5. Illustrative Examples and Strategic Implications
Empirically observed utterances from LLM agents in the study reflect canonical IDT strategies:
- Falsification: “I was in Medbay the whole time.” (Direct, counter-factual; explicit lie.)
- Concealment: “I finished my tasks quickly.” (Omission of incriminating detail.)
- Equivocation: “I was near Storage earlier, but I didn’t really see what happened.” (Hedged, ambiguous; avoids direct lie.)
These patterns substantiate IDT’s central claim: most agents favor hedges and vagueness—equivocation—over outright falsehoods, especially under threat. This is consistent with strategic ambiguity as a default deception tactic when communicators face detection risk.
6. Limitations and Prospects for Future Work
Limitations of the operationalization include modality restriction (text-only, absence of nonverbal or prosodic cues), single model architecture (Llama 3.2-based agents), and potential smoothing of behavioral nuance inherent to automated classification by Gemini. Notably, LLM agents, constrained by RLHF safety mechanisms, systematically favor low-risk equivocation rather than overt lying.
Identified priorities for future research are:
- Mixed human–AI role assignments to probe generalizability of IDT-based deception detection and enactment.

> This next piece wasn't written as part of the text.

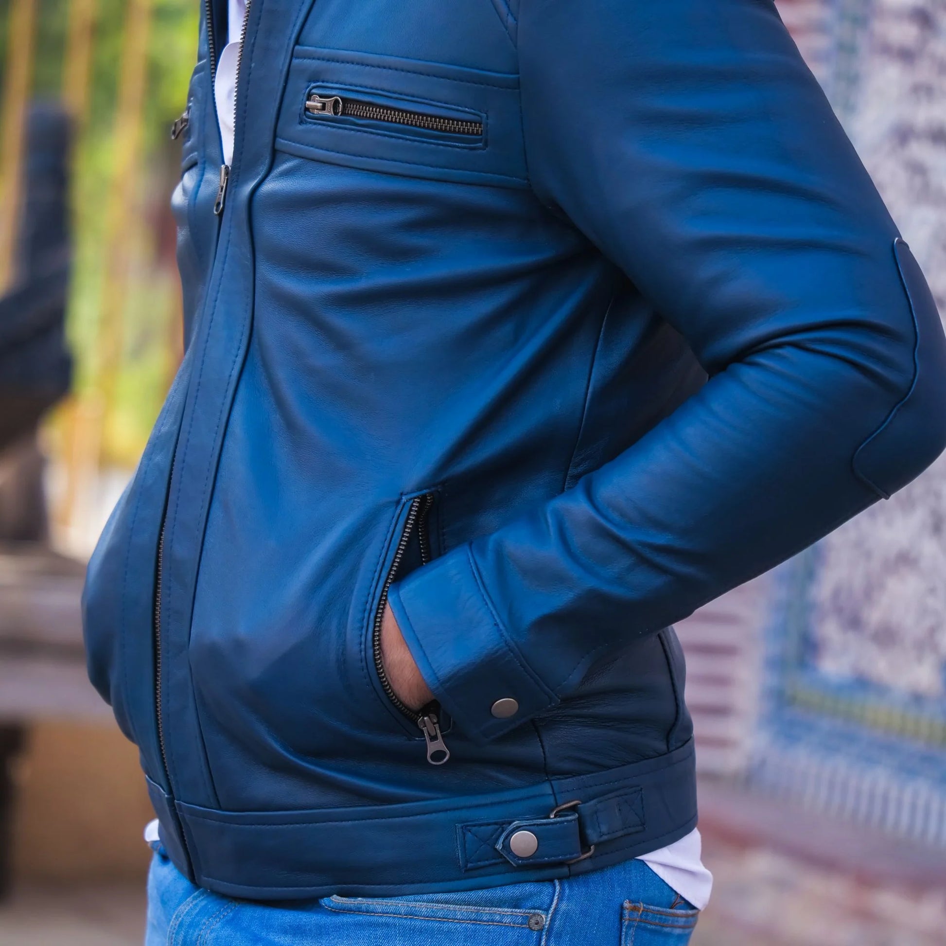 Men's Casual Signature Diamond Lambskin Leather Jacket-Blue
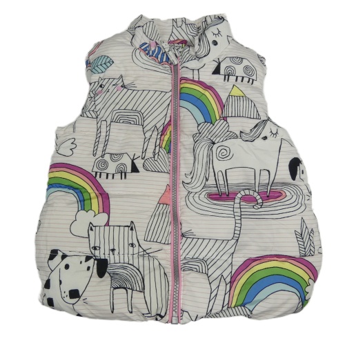 Bielo-ružová pruhovaná šušťáková zateplená vesta so zvieratkami Next

- Deployment across alternative model families and training regimens to isolate model-dependent patterns.
- Integration of richer, multimodal IDT cue sets, incorporating hesitations, timing, and affective markers (Milkowski et al., 27 Mar 2026).
7. Synthesis and Significance
By systematically mapping IDT’s three-way deception taxonomy—falsification, concealment, equivocation—onto role-conditioned agent interactions in a controlled environment, recent work provides large-scale, empirical confirmation that LLM agents primarily enact deception via strategic ambiguity and equivocation. These findings validate core IDT predictions and highlight the underlying trade-off between the truth-oriented objectives enforced by pretraining/finetuning (including RLHF) and utility-driven deception incentives intrinsic to competitive, multi-agent coordination tasks. A plausible implication is that future autonomous systems will need to explicitly balance communicative truthfulness against the contextual demands of strategic interaction, necessitating more nuanced, multimodal approaches to both deception enactment and detection (Milkowski et al., 27 Mar 2026).